Nvidia reveals new platform for creating AI avatars
Nvidia, an American multinational technology company, has unveiled Nvidia Omniverse Avatar, a technology platform for generating interactive AI avatars.
The platform enables users to leverage speech AI, computer vision, natural language understanding, recommendation engines and simulation technologies. Avatars created in the platform are interactive characters with ray-traced 3D graphics that can see, speak, converse on a wide range of subjects, and understand naturally spoken intent.
“The dawn of intelligent virtual assistants has arrived,” said Jensen Huang, founder and CEO of NVIDIA. “Omniverse Avatar combines NVIDIA’s foundational graphics, simulation and AI technologies to make some of the most complex real-time applications ever created. The use cases of collaborative robots and virtual assistants are incredible and far-reaching.”

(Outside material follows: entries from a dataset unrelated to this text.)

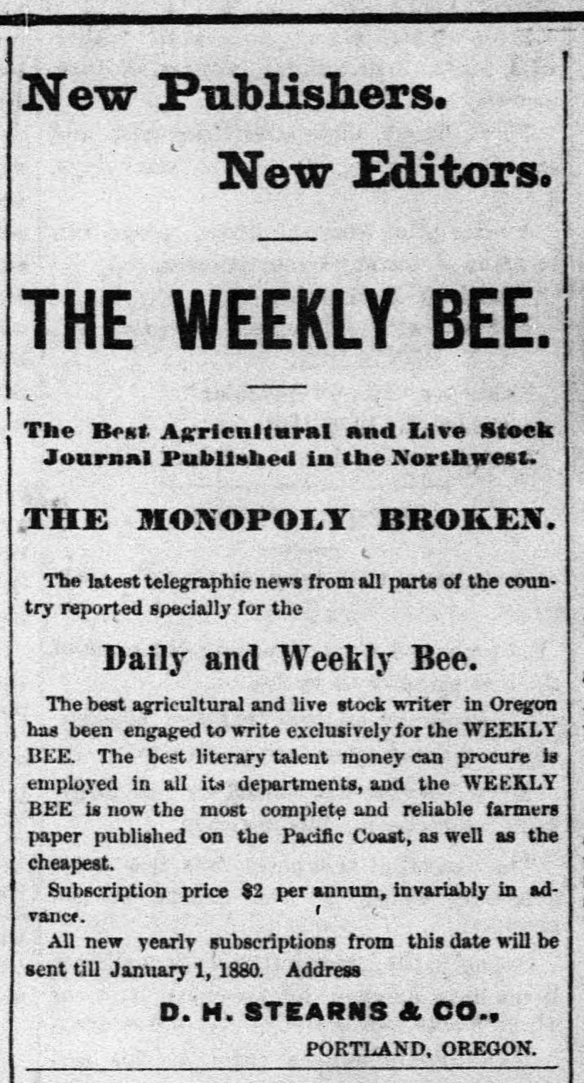 Published in the Douglas Independent, December 28, 1878.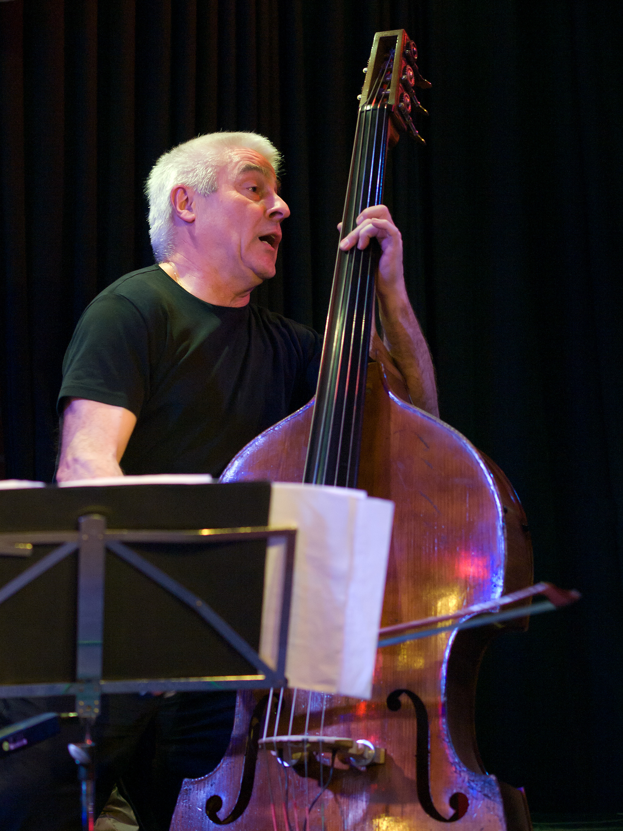 Barry Guy, Jazz bassist; Picture taken in Jazz Club Unterfahrt, Munich/Bavaria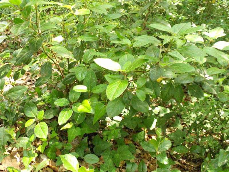 Wild Viburnum tinus leaves. Photographed in Castel Fusano pine forest (Rome province, Latium, central Italy). Photo by Massimiliano Marcelli.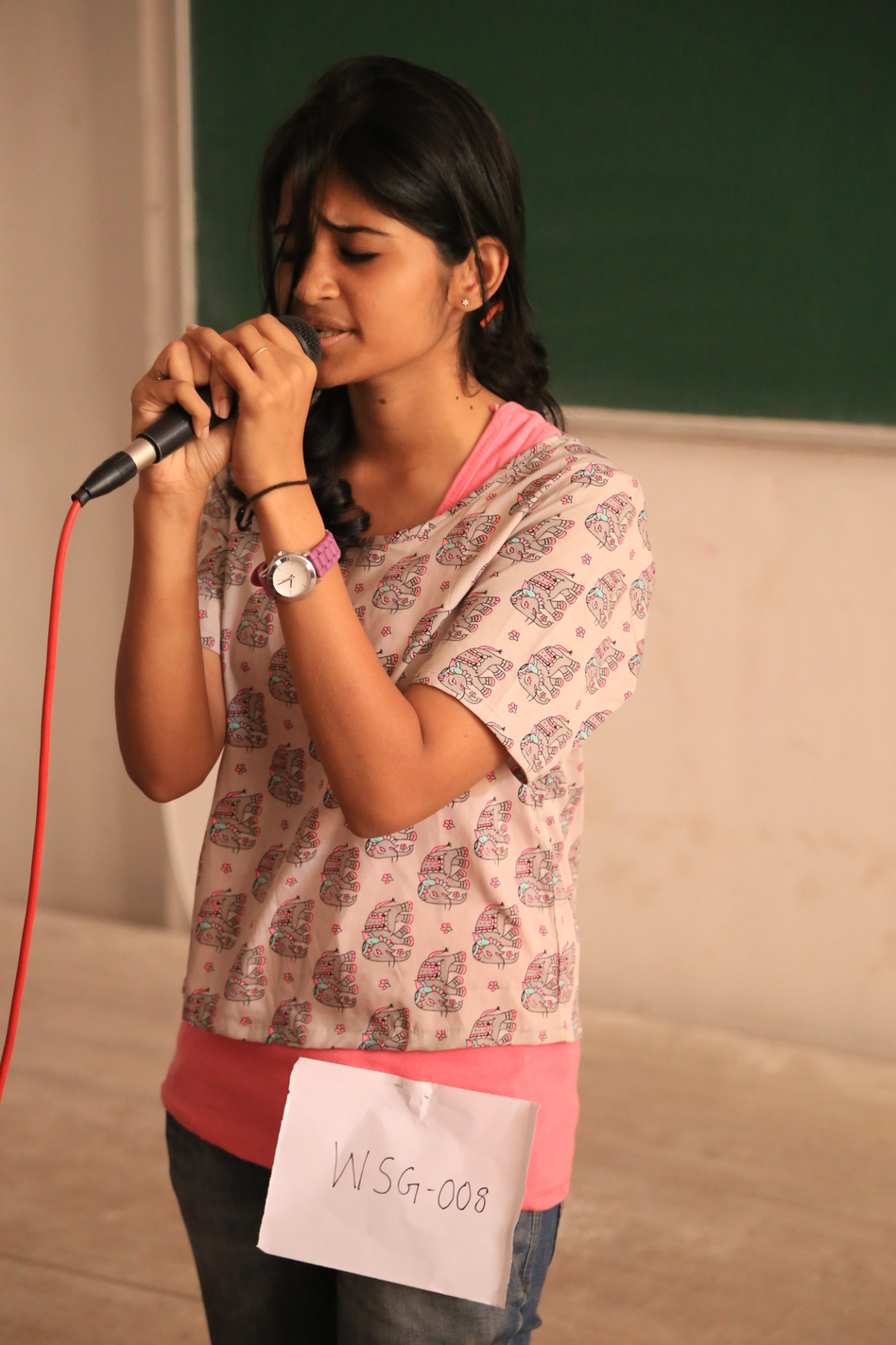 Solo song performing by a student in Arts fest Sargam at SJCET palai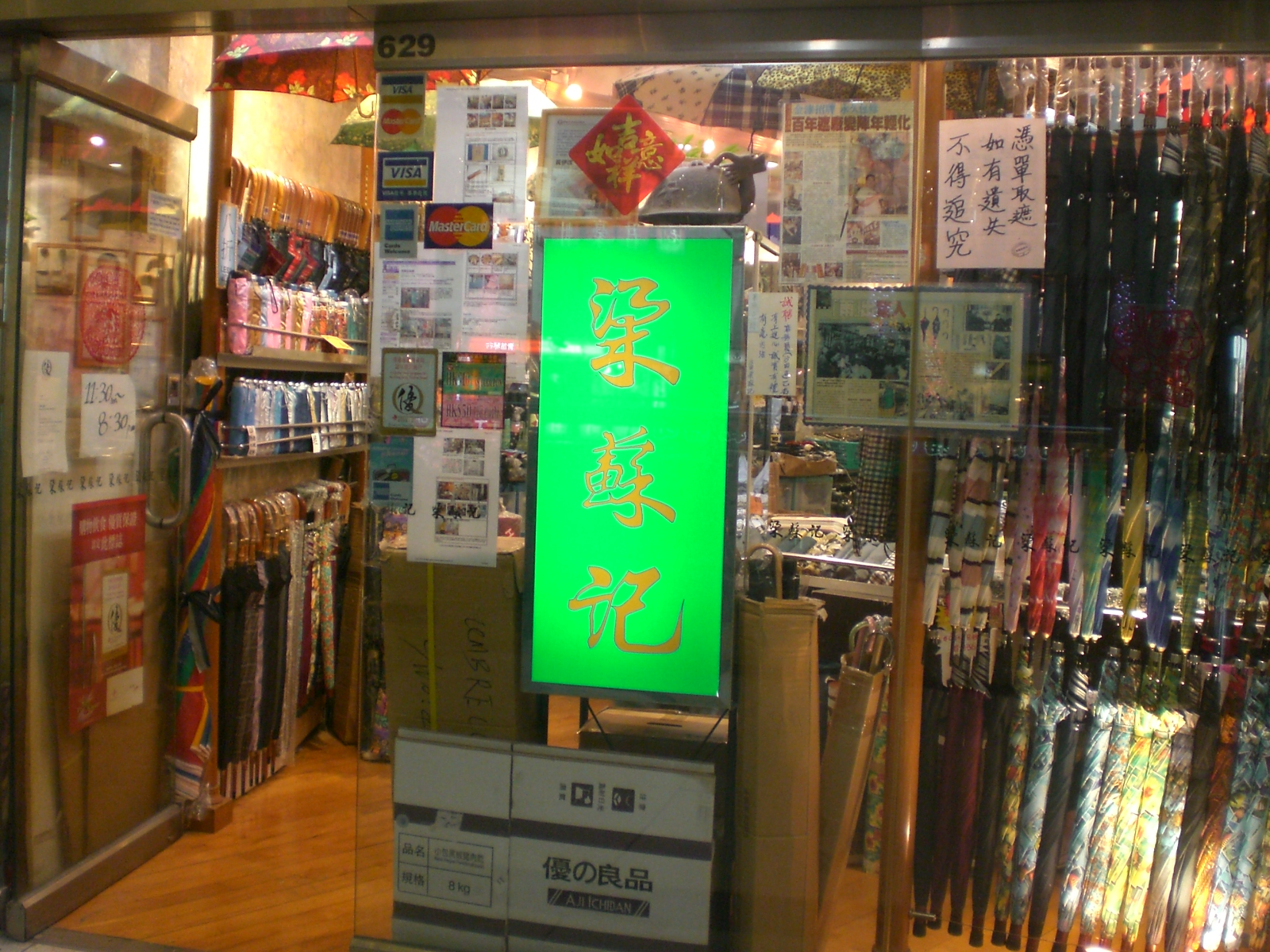 西九龍中心梁蘇記遮廠老字號, Leung So Kee umbrella manufactory outlet, Dragon Centre, Sham Shui Po, Kowloon, Hong Kong.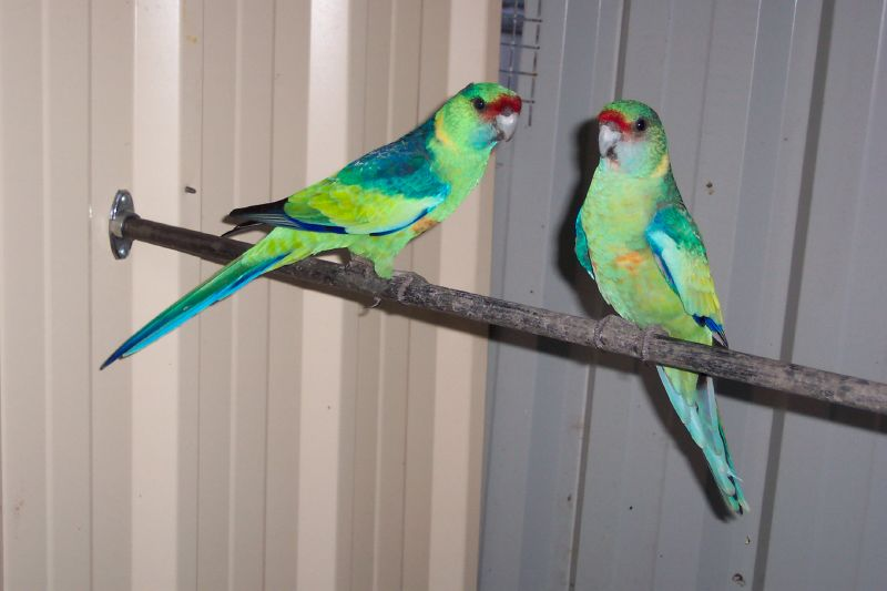 Mallee Ringneck, Australian Ringneck (Barnardius zonarius barnardi) male and female.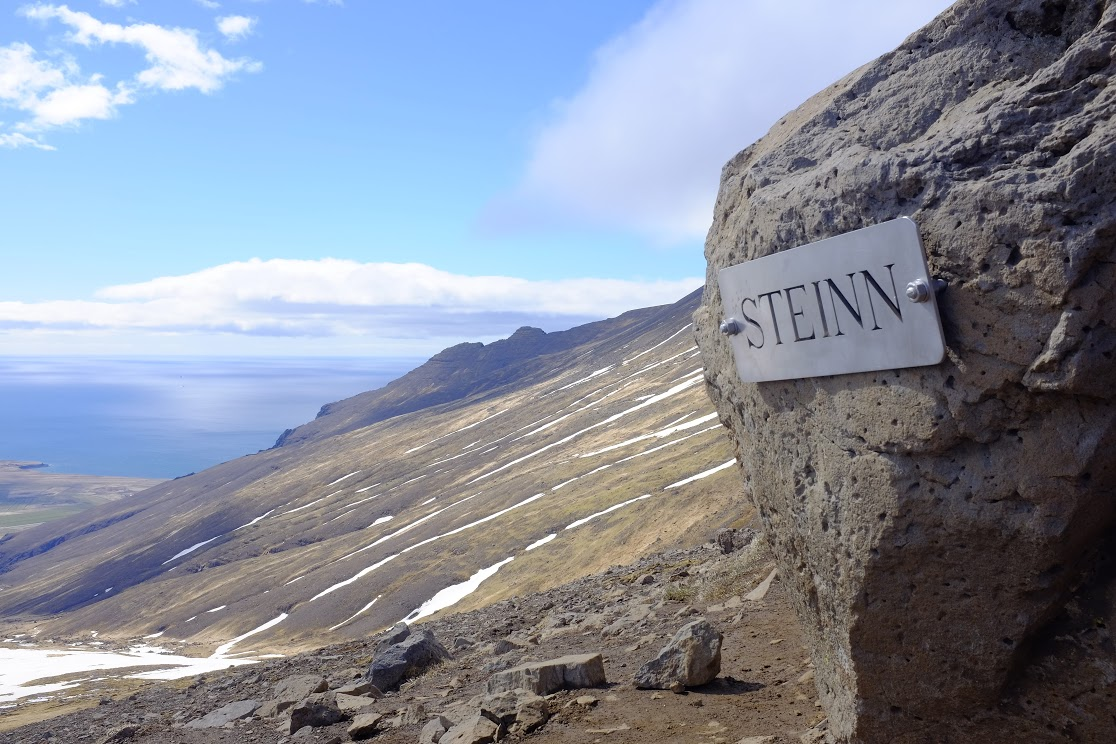 Just outside of Reykjavik, hiking the most widely used trail up Mt. Esja will lead you to Steinn. Here you can get a panoramic view of Reykjavik and sign a guestbook.

What is NVIDIA’s Omniverse?
Omniverse Avatar is part of NVIDIA Omniverse, a virtual world simulation and collaboration platform for 3D workflows currently in open beta with over 70,000 users. Creators, designers, researchers, and engineers can connect major design tools, assets, and projects to collaborate and iterate in a shared virtual space. Developers and software providers can also easily build and sell Extensions, Apps, Connectors, and Microservices on Omniverse’s modular platform to expand its functionality.
In his keynote address at NVIDIA GTC, Huang shared various examples of Omniverse Avatar: Project Tokkio for customer support, NVIDIA DRIVE Concierge for always-on, intelligent services in vehicles, and Project Maxine for video conferencing.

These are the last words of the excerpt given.